Goiter is enlargement of the thyroid gland.  

Epidemiology


  • The most common cause of pediatric goiter in the United States is chronic lymphocytic thyroiditis.
  • The prevalence of goiter in the United States is 3-7%, although the incidence is much higher in regions of iodine deficiency.
  • Thyroid cancers make up 0.5-1.5% of all malignancies in children and adolescents.
  • Both thyroid tumors and autoimmune thyroid disease are more common in females than males.

Prevalence
World Health Organization (WHO) Global Database on Iodine Deficiency (1993-2003)  
  • Goiter prevalence globally is 15.8% of the general population.
  • Insufficient iodine intake among school-aged children ranges from 10.1% in the Americas to 59.9% in Europe.
  • 54 countries had iodine deficiency, 29 countries had excessive iodine intake, and 43 countries achieved optimal iodine intake.

Etiology


  • Multinodular goiter (MNG) loci have been identified on chromosome 14q and on chromosome Xp22 and 3q26.
  • Germline mutations in DICER1 (chromosome 14q31) have been found in familial MNG-1, with and without ovarian Sertoli-Leydig cell tumors.
  • Germline mutation in thyroid transcription factor-1 (TITF-1/NKX2.1) has been found in patients with papillary thyroid carcinoma and a history of multinodular goiter.
  • Other genes implicated in simple goiter formation: thyroglobulin, thyroid-stimulating hormone (TSH) receptor, and Na+/I- symporter
  • Thyroid peroxidase mutations lead to iodide organification defects and goitrous congenital hypothyroidism.
  • Twin and family studies show a modest to major effect of environmental factors, especially iodine deficiency and cigarette smoking.
  • Excessive maternal ingestion of iodine during pregnancy can lead to congenital goiter with increased iodine uptake on scan and in some babies, a transient hypothyroidism.
  • Autoimmune goiters, such as chronic lymphocytic thyroiditis, occur in children with a genetic predisposition.
  • Thyroid cancers are usually sporadic.

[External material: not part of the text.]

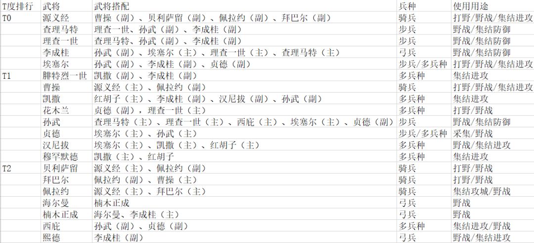 国服目前武将T度排行!

Medullary carcinoma can be familial (autosomal dominant), as part of multiple endocrine neoplasia (MEN) type 2A and 2B, or as isolated malignancy.
  • Pendred syndrome (autosomal recessive) causes congenital sensorineural deafness and an iodine organification defect that leads to goiter.

Diagnosis


History


  • Symptoms of hypothyroidism:
    • Increase in sedentary behavior
    • Lethargy
    • Weight gain
    • Constipation
    • Cold intolerance
    • Dry skin and/or hair
    • Hair loss
  • Symptoms of hyperthyroidism:
    • Hyperactivity
    • Irritability
    • Difficulty concentrating or focusing in school
    • Hyperphagia
    • Weight loss
    • Diarrhea
    • Heat intolerance
  • Careful dietary and medication history
  • History of head, neck, or chest irradiation is associated with increased risk of carcinoma.
  • Family history of thyroid carcinoma or MEN syndrome

Physical Exam


Inspect, palpate, and auscultate the neck:  
  • Neck extension aids inspection.
  • Palpation is best performed standing behind the child:
    • Determine if the thyroid is diffusely enlarged or asymmetric, evaluate gland firmness, and assess for any nodularity.
    • Check for cervical lymphadenopathy.
    • Pain on palpation suggests acute inflammation.
  • Auscultate with the stethoscope diaphragm (while patient holds his or her breath) for a bruit, which indicates hyperthyroidism-associated hypervascularity.
  • Careful examination for signs of hypothyroidism or hyperthyroidism
    • Linear growth and weight pattern
    • Pulse
    • Sexual development
    • Deep tendon reflexes
    • Skin
  • Have patient drink water during inspection of gland.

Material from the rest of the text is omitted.